Search code examples
pythonproxytwistedscrapy

Scrapy Timeouts and Twisted.Internet.Error


Running Scrapy with Proxies but there are times when the crawl runs into the errors below at the end of the run and causes the crawl finish time to be delayed by 10+ seconds. How can I make it so that if Scrapy runs into these errors at any point, it is ignored/passed completely and immediately when detected so that it doesn't waste time stalling the entire crawler?

RETRY_ENABLED = False (Set in settings.py already.)

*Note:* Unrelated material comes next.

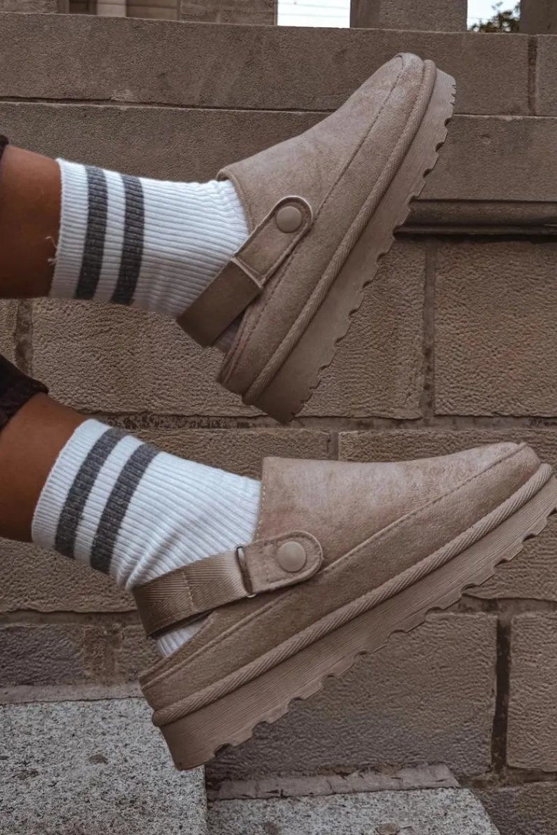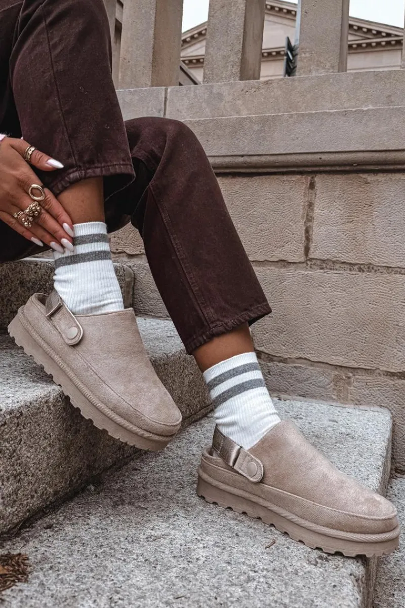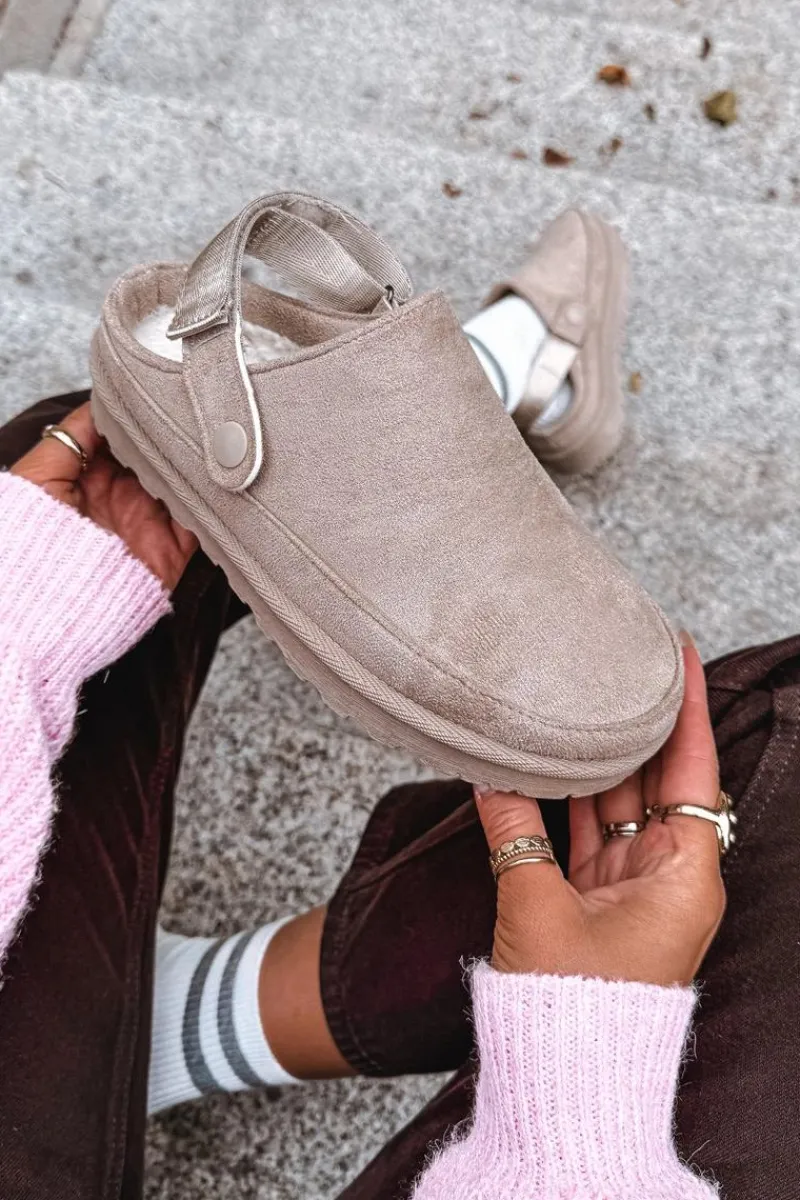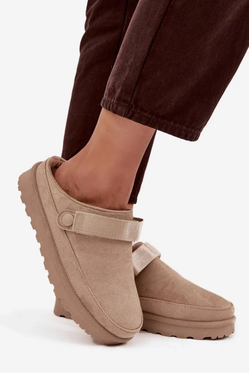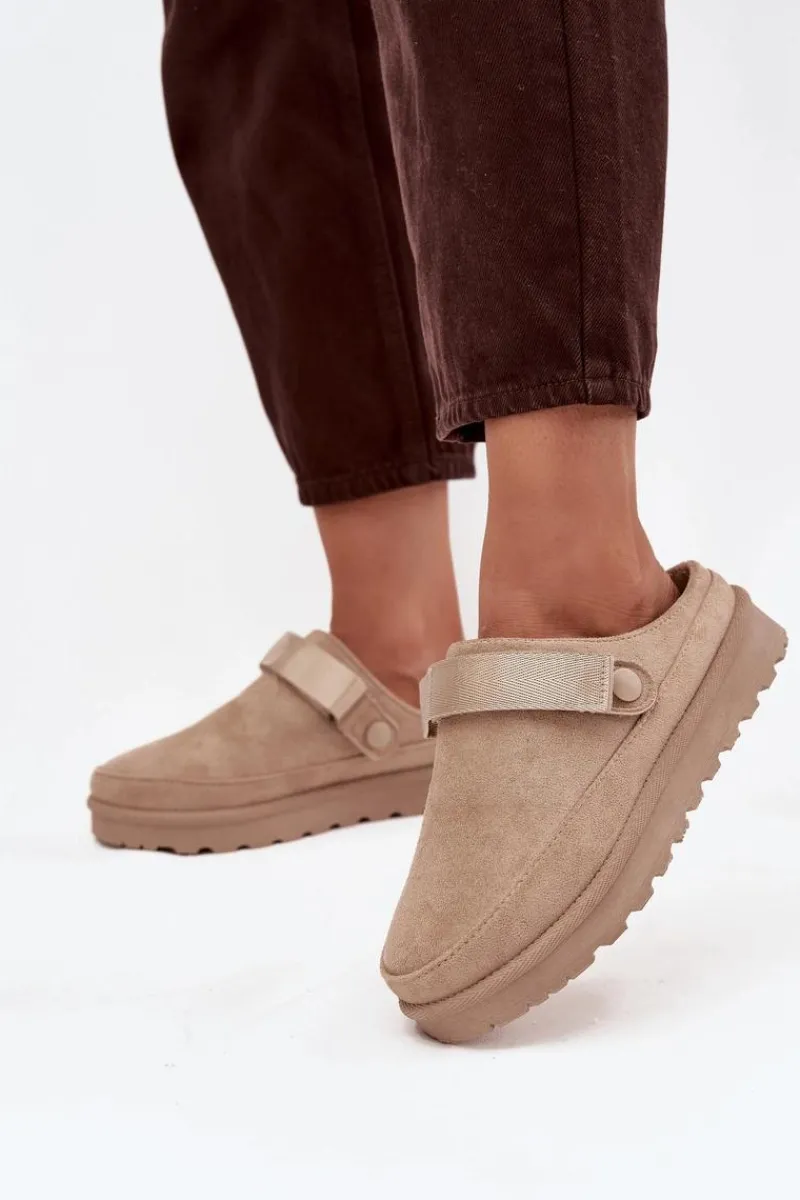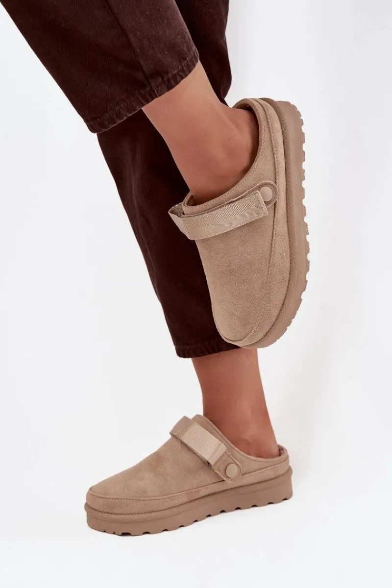 Damskie klapki wykonane z eko zamszu. Osadzone na platformie. Wnętrze ocieplone przyjemnym futerkiem, co zapewnia komfort w chłodniejsze dni. Dodatkowo posiadają ruchomy pasek zapinany na rzep, który stabilizuje piętę i umożliwia idealne dopasowanie. Idealne na co dzień, łączą styl z funkcjonalnością. Przy wyborze rozmiaru prosimy sugerować się tabelą rozmiarów.

List of urls in request. Many proxies set to https:// rather than http, wanted to mention incase, although for almost all cases https works, so I doubt it is strictly about https vs http being set.

But still get:

Error 1:

  • 2019-01-20 20:24:02 [scrapy.core.scraper] DEBUG: Scraped from <200>
  • ------------8 seconds spent------------------
  • 2019-01-20 20:24:10 [scrapy.proxies] INFO: Removing failed proxy
  • 2019-01-20 20:24:10 [scrapy.core.scraper] ERROR: Error downloading
  • Traceback (most recent call last):
  • File "/usr/local/lib64/python3.7/site-packages/scrapy/core/downloader/middleware.py", line 43, in process_request defer.returnValue((yield download_func(request=request,spider=spider)))
  • scrapy.core.downloader.handlers.http11.TunnelError: Could not open CONNECT tunnel with proxy ukimportantd2.fogldn.com:10492 [{'status': 504, 'reason': b'Gateway Time-out'}]

Error 2:

  • 2019-01-20 20:15:46 [scrapy.proxies] INFO: Removing failed proxy
  • 2019-01-20 20:15:46 [scrapy.core.scraper] ERROR: Error downloading
  • ------------12 seconds spent------------------
  • 2019-01-20 20:15:58 [scrapy.core.engine] INFO: Closing spider (finished)
  • Traceback (most recent call last):
  • File "/usr/local/lib64/python3.7/site-packages/scrapy/core/downloader/middleware.py", line 43, in process_request defer.returnValue((yield download_func(request=request,spider=spider)))
  • twisted.web._newclient.ResponseNeverReceived: [twisted.python.failure.Failure twisted.internet.error.ConnectionLost: Connection to the other side was lost in a non-clean fashion: Connection lost.]

Error 3:

  • Traceback (most recent call last):
  • File "/usr/local/lib64/python3.7/site-packages/scrapy/core/downloader/middleware.py", line 43, in process_request defer.returnValue((yield download_func(request=request,spider=spider)))
  • twisted.web._newclient.ResponseNeverReceived: [twisted.python.failure.Failure twisted.internet.error.ConnectionLost: Connection to the other side was losection lost.]

Solution

  • How can I make it so that if Scrapy runs into these errors at any point, it is ignored/passed completely and immediately when detected

    That is already the case. The proxies are either causing the error after a few seconds instead of instantly, or directly timing out.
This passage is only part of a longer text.